Determine your area of expertise. Cruises – large ship, small ship and river cruise, skiing, Europe, faith based, sports, educational, theme parks, national parks, all inclusive, Caribbean, Mexico, family, rail journeys, safaris, eco tourism, foodie, houseboats, honeymoons, and the list continues. Learn your product better than anybody else. Lean on your Tour Operator partners as well. They have much to give, share and contribute.

  1. Definition of Insanity

The definition of insanity is a well known question and answer. The definition is (if you have been caste off on a desert island) continuing to do the same stuff but hoping for different results. It takes courage to make change. It is a risk taking exercise. It is not for the faint of heart.
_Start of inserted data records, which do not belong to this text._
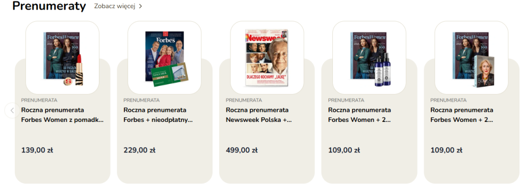 - prenumeraty znanych magazynów i czasopism,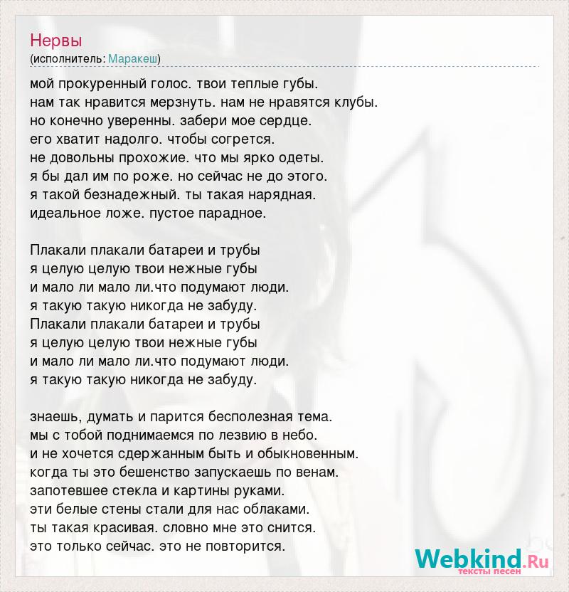 мой прокуренный голос. твои теплые губы. нам так нравится мерзнуть. нам не нравятся клубы. но конечно уверенны. забери мое сердце. его хватит надолго. чтобы согрется. не довольны прохожие. что мы ярко одеты. я бы дал им по роже. но сейчас не до этого. я такой безнадежный. ты такая нарядная. идеальное ложе. пустое парадное. Плакали плакали батареи и трубы я целую целую твои нежные губы и мало ли мало ли.что подумают люди. я такую такую никогда не забуду. Плакали плакали батареи и трубы я целую целую твои нежные губы и мало ли мало ли.что подумают люди. я такую такую никогда не забуду. знаешь, думать и парится бесполезная тема. мы с тобой поднимаемся по лезвию в небо. и не хочется сдержанным быть и обыкновенным. когда ты это бешенство запускаешь по венам. запотевшее стекла и картины руками. эти белые стены стали для нас облаками. ты такая красивая. словно мне это снится. это только сейчас. это не повторится.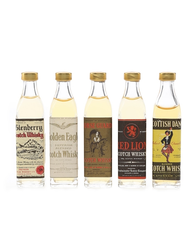 This lot contains five novelty 1.1cl miniature bottles of blended Scotch whisky. We estimate these were bottled in the 1970s.

My recommendation is to try something different on a small scale. Consider it a test. Your own Petri dish project. Make sure you have your measurement criteria in place. Learn fast. If it fails nix the project and try something new. Keep repeating until you find the successes you are looking for.

So, in closing; look up and down any Main Street USA, there are so many small businesses that do very well. Everyone of them has an online competitor. They succeed in providing a personal service not found online. They aren’t just alive but they thrive by simply leveraging what an online agency cannot provide.